Implementation of large scale learning methods
This package comprehends the functions implemented in the context of the workpackage 3,4 milestone 3 (implementation of large scale learning methods) of the DEDALE project. For more explanations about the theoretical aspects of the algorithms, please have a look on the related technical report.
The software implements the block GMCA algorithm (bGMCA), whose goal is to perform sparse Blind Source Separation (BSS) in the large scale regime, i.e. when a large number of sources (typically 50) needs to be estimated.
Dependencies
launch_bGMCA.py
Allows for a simple launch of the bGMCA algorithm, e.g. to reproduce the results of the technical report.
bGMCA_block.py
Contains the algorithm in itself, divided into the warm-up (GMCA with blocks) and refinement stage (PALM with blocks). For each stage, a special function is implemented for the case of a non-negativity constraint in the direct domain associated with a sparsity enforced in the wavelet domain.
BSS_Utils.py
Contains some utilitary functions to perform BSS, such as the computation of the mixing criterion or the generation of simulated data.
Prox_SparsePositive.py
Computes the proximal operator for non-negativity in the direct domain and sparsity in the wavelet domain. Note that in this file, the PATH_WT variable has to be changed.
pyStarlet.py
Transformations into the wavelet domain.
sample_nmr_spectra.py
This module provides synthetic NMR spectra.
Data
3 ways of creating simulated data to test the algorithm are proposed in the launch_bGMCA.py file: using Bernouilli-Gaussian sources, generelized Gaussian sources or realistic 1H NMR sources. It is however possible to try on your own data, for instance in adding an option dataType == 4 in the launch_bGMCA.py file. Doing so, you must load:
- X : the data matrix
- A0 : the true mixing matrix
- S0 : the true sources
- N : the noise matrix
If you have only access to X, you can directly launch the bGMCA function (warm-up stage) followed by the PALM_NMF_MainBlock function (refinement stage).

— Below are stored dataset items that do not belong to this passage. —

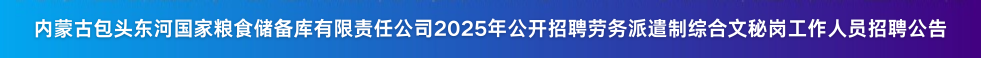 >> 内蒙古包头东河国家粮食储备库有限责任公司2025年公开招聘劳务派遣制综合文秘岗工作人员招聘公告(2025-12-07)
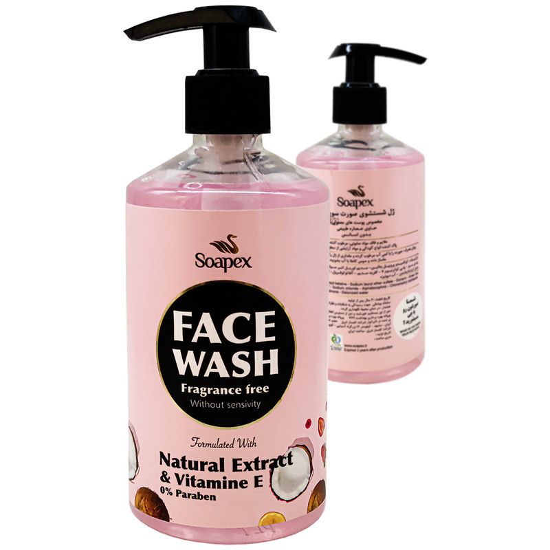 ژل شستشوی صورت سوپکس مخصوص پوست های معمولی و حساس همراه با ویتامین E پاک کننده چربی های اضافی پوست پاک کننده آلودگی و باقیمانده مواد آرایشی از سطح پوست مرطوب کننده پوست
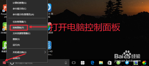 首先打开电脑控制面板,因为小编是Windows10系统,开始菜单点击右键,打开。
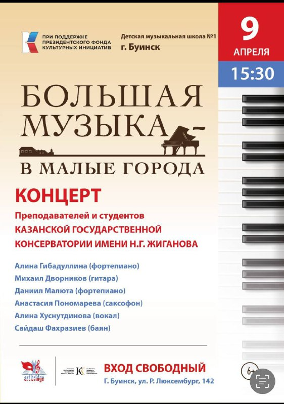 В рамках просветительского проекта "Большую музыку – в малые города" преподаватели и студенты Казанской консерватории выступят с концертом в Актовом зале МБО ДО БДШИ 1.
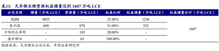 控股全球最大锂辉石矿山,锂资源储量丰富。在锂辉石资源方面,公司分别通过子公司泰里森、盛合锂业拥有Greenbushes矿山与雅江措拉锂辉石矿。其中,雅江措拉目前尚未进行开发,而Greenbushes矿山现有锂精矿产能已经达到134万吨/年,产能规模位居全球首位,同时预计2025年新增的三期年产60万吨锂精矿项目将投入运行,届时公司锂精矿总产能将达到194万吨/年。此外,公司还通过参股日喀则扎布耶20%的股权和参股SQM25.86%的股权,实现了对优质的盐湖锂资源布局。截至目前,公司锂资源端的权益储量合计已经达到1607万吨LCE。

Exemple: a relatively simple large scale BSS problem
import launch_bGMCA as lgc
N_MC = 1
numExp = 2
ptot = 0.1
cd = 1
dataType = 1
n_sources = [20]
folderInitSave='ResultsDedale/'
optBatch = 0
verPos = 0
blocksize = [1,2,3,4,5,7,10,13,16,18,20]
C_gmca,S,A = lgc.launch_GMCA(n_sources=n_sources,blocksize=blocksize,numExp=numExp,N_MC=N_MC,dataType=dataType,sauv=2,optBlock=optBatch,folderInitSave=folderInitSave,ptot=ptot,verPos=verPos,cd=cd)
Imports
Only launch_bGMCA.py is imported, since it encompasses all the necessary files.

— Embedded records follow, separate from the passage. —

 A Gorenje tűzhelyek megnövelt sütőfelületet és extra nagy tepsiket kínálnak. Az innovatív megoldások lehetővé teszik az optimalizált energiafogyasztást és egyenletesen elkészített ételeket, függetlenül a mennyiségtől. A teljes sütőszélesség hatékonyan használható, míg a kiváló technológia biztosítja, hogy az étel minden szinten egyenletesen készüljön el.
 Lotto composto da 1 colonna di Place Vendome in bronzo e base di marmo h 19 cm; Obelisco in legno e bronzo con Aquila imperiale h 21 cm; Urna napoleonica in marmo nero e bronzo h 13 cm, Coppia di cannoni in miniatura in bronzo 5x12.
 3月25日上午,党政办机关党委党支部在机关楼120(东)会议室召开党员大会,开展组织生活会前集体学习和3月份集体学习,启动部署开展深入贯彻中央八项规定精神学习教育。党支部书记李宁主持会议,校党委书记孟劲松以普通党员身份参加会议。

Data generation parameters
More specifically, it comprehends some random data generation, which can be parametriezd as inputs of the function:
N_MC = 1
Only one Monte Carlo experiment is performed
numExp = 2
Used for setting the random seed for the data generation
ptot = 0.1
Proportion of non-zero coefficients
cd = 1
Condition number of the mixing matrix
dataType = 1
The data is created a Bernouilli Gaussian distribution: a proportion of ptot coefficients is taken non-zeros and have a Gaussian amplitude.
n_sources = [20]
Number of sources. 20 sources is already a quite high number of sources. Take 50+ sources for really large-scale examples.

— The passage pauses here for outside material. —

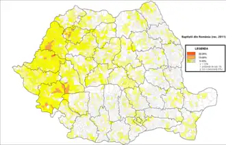 Baptiștii au apărut în România încă din secolul al XIX-lea.[3] Din 1919 bisericile baptiste au format Uniunea Comunităților Creștine Baptiste din România, libertatea cultului fiind recunoscută prin lege.[3] În 1930 comunitatea baptistă din România ajunsese la peste 60.000 de membri, iar în 1942 la peste 90.000.[3] În perioada comunistă numărul baptiștilor a fost ținut sub control, însă a continuat să crească după 1989,[3] ajungând, conform ultimului recensământ la 103.213 de adepți.[4]
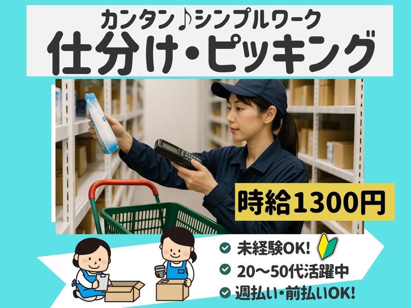 職種/仕事内容 | 仕事内容 【このお仕事のPoint】 ✨時給1300円で週3~5日勤務! ✨土日・祝休みで私生活と両立しやすい! ✨短時間勤務・Wワークも相談OK。 【具体的なお仕事内容】 物流倉庫内で、ドラッグストアに 出荷する商品の仕分けや ピッキング作業をお任せします。 ◎配送先ごとに商品を仕分ける ◎商品を台車やカゴ車に積み上げる ◎出荷前の数量確認や整頓作業 作業はとてもシンプルで、 すぐに覚えられる内容です。 扱う商品は軽いものが多く、 体力的な負担も少なめ! 【よくある不安もご安心ください】 倉庫勤務が初めてでも大丈夫! 先輩が丁寧にフォローします。 入社前に職場見学OK! 実際の雰囲気を見てから決められます。 20代~50代まで、 幅広い世代の男女スタッフが活躍中! 【この仕事が合う人・働き方の例】 ・コツコツと進める作業が好きな方 ・未経験から倉庫・軽作業デビューしたい方 ・Wワークで効率的に収入を増やしたい方 ・安定した職場で長く働きたい方 |

Parametrization of the algorithm itself
folderInitSave='ResultsDedale/‘
Folder to write the results. It must contain 2 subfolders « data » and « matricesAS ».
optBatch = 0
Corresponds to random choices for the blocks.
verPos = 0
Corresponds to a simple sparsity constraint in the direct domain
blocksize = [1,2,3,4,5,7,10,13,16,18,20]
Block sizes to be tested
Launch of the function
C_gmca,S,A = lgc.launch_GMCA(n_sources=n_sources,blocksize=blocksize,numExp=numExp,N_MC=N_MC,dataType=dataType,sauv=2,optBlock=optBatch,folderInitSave=folderInitSave,ptot=ptot,verPos=verPos,cd=cd)
The function outputs the mixing matrix criterion for each block size. The A and S matrices for the last block size are also available (the matrices for all the block sizes are saved in folderInitSave)
Output
Example: a more difficult case
The next examples deals with non-negative matrix factorization. The A and S matrices are assumed to be sparse in a transformed domain, while non-negative in the direct domain.
N_MC = 1
numExp = 2
folderInitSave='ResultsDedale/'
optBatch = 0
dataType = 3
verPos = 1
J=2
blocksize = [1,2,3,4,5,7,10,13,16,18,20]
n_sources = [20]
C_gmca,S,A = lgc.launch_GMCA(n_sources=n_sources,blocksize=blocksize,numExp=numExp,N_MC=N_MC,dataType=dataType,sauv=2,optBlock=optBatch,folderInitSave=folderInitSave,verPos=verPos,J=J)
Changes in the code
dataType = 3
The data comes now from saved realistic sources. All the matrices are non-negative.
verPos = 1
Enforces the non-negativity and sparsity constraint.
J = 2
Number of wavelet scales.
Output
Required packages
The software requires the following Python packages:
- numpy
- scipy.io
- scipy.linalg
- matplotlib.pyplot
- copy
- time